Gu Dongxiao, Li Jingjing, Li Xingguo, Liang Changyong
School of Management, Hefei University of Technology, 193 Tunxi Road, Hefei, Anhui 230009, China.
School of Management, Hefei University of Technology, 193 Tunxi Road, Hefei, Anhui 230009, China; National Joint Engineering Research Center for Intelligent Decision and Information Systems, 193 Tunxi Road, Hefei, Anhui 230009, China.
Int J Med Inform. 2017 Feb;98:22-32. doi: 10.1016/j.ijmedinf.2016.11.006. Epub 2016 Nov 23.
In recent years, the literature associated with healthcare big data has grown rapidly, but few studies have used bibliometrics and a visualization approach to conduct deep mining and reveal a panorama of the healthcare big data field.
To explore the foundational knowledge and research hotspots of big data research in the field of healthcare informatics, this study conducted a series of bibliometric analyses on the related literature, including papers' production trends in the field and the trend of each paper's co-author number, the distribution of core institutions and countries, the core literature distribution, the related information of prolific authors and innovation paths in the field, a keyword co-occurrence analysis, and research hotspots and trends for the future.
By conducting a literature content analysis and structure analysis, we found the following: (a) In the early stage, researchers from the United States, the People's Republic of China, the United Kingdom, and Germany made the most contributions to the literature associated with healthcare big data research and the innovation path in this field. (b) The innovation path in healthcare big data consists of three stages: the disease early detection, diagnosis, treatment, and prognosis phase, the life and health promotion phase, and the nursing phase. (c) Research hotspots are mainly concentrated in three dimensions: the disease dimension (e.g., epidemiology, breast cancer, obesity, and diabetes), the technical dimension (e.g., data mining and machine learning), and the health service dimension (e.g., customized service and elderly nursing).
This study will provide scholars in the healthcare informatics community with panoramic knowledge of healthcare big data research, as well as research hotspots and future research directions.
近年来,与医疗大数据相关的文献迅速增长,但很少有研究使用文献计量学和可视化方法进行深度挖掘并揭示医疗大数据领域的全景。

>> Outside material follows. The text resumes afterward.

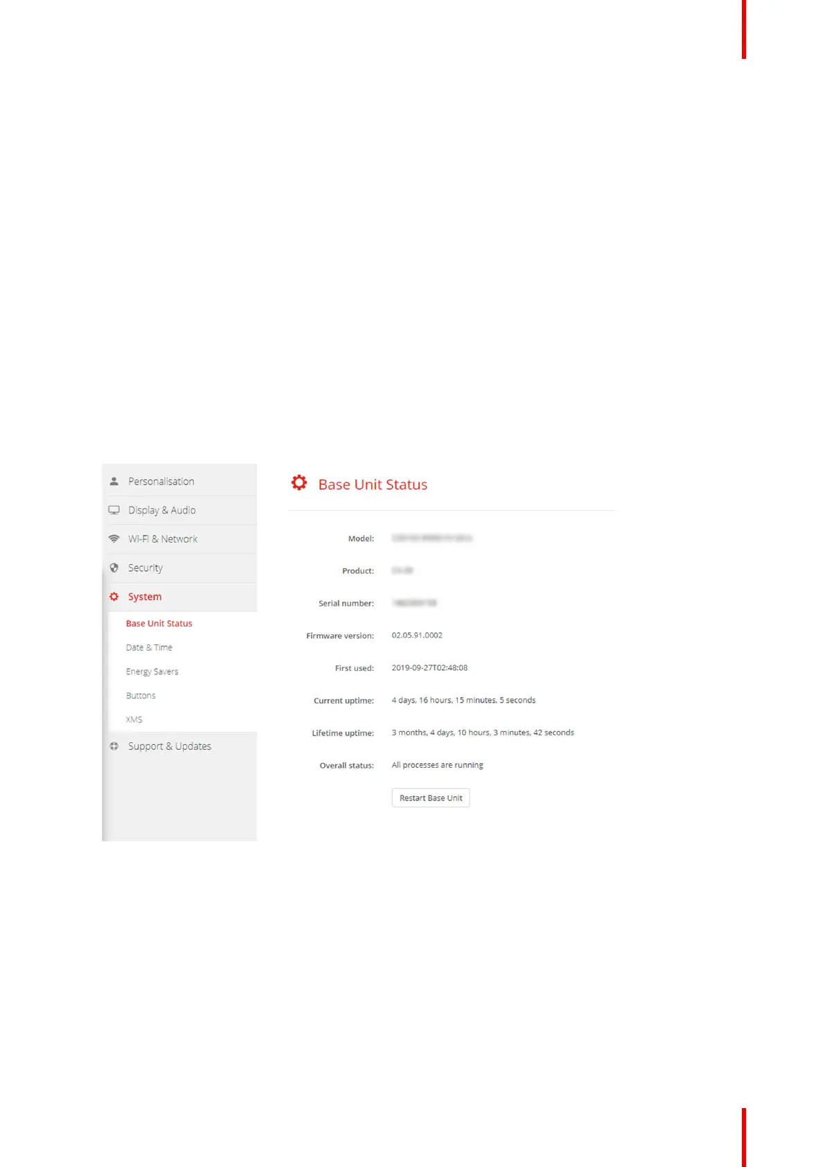 3. To restart the Base Unit, click on Restart Base Unit.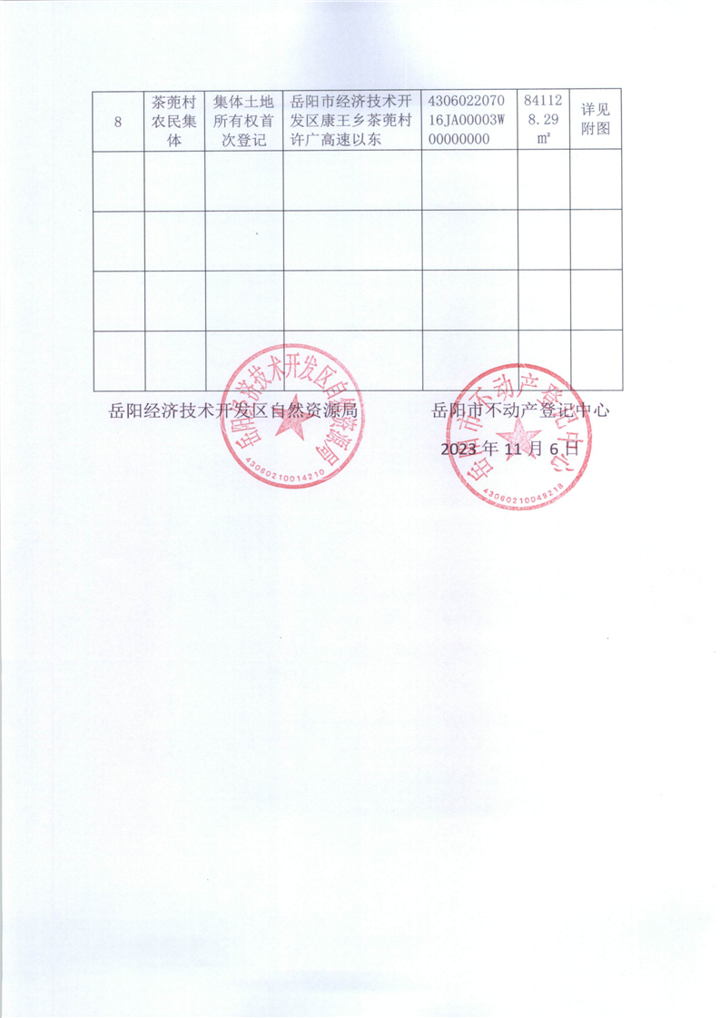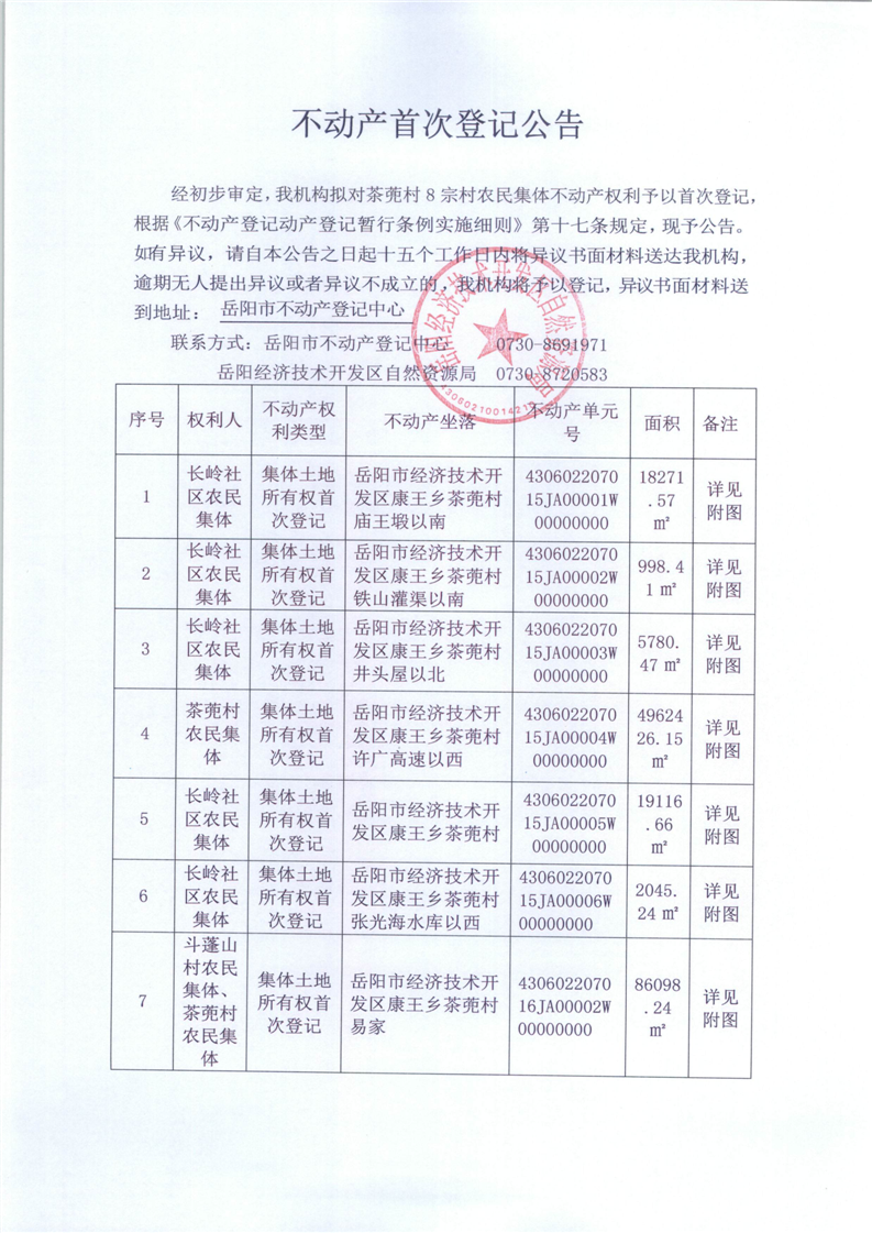 不动产首次登记公告(茶蔸村农民集体)

为了探索医疗信息学领域大数据研究的基础知识和研究热点,本研究对相关文献进行了一系列文献计量分析,包括该领域论文的产出趋势以及每篇论文合著者数量的趋势、核心机构和国家的分布、核心文献分布、多产作者的相关信息以及该领域的创新路径、关键词共现分析以及未来的研究热点和趋势。
通过进行文献内容分析和结构分析,我们发现以下几点:(a) 在早期阶段,来自美国、中华人民共和国、英国和德国的研究人员对与医疗大数据研究及该领域创新路径相关的文献贡献最大。(b) 医疗大数据的创新路径包括三个阶段:疾病早期检测、诊断、治疗和预后阶段、生命与健康促进阶段以及护理阶段。(c) 研究热点主要集中在三个维度:疾病维度(如流行病学、乳腺癌、肥胖症和糖尿病)、技术维度(如数据挖掘和机器学习)以及卫生服务维度(如定制服务和老年护理)。
本研究将为医疗信息学领域的学者提供医疗大数据研究的全景知识以及研究热点和未来研究方向。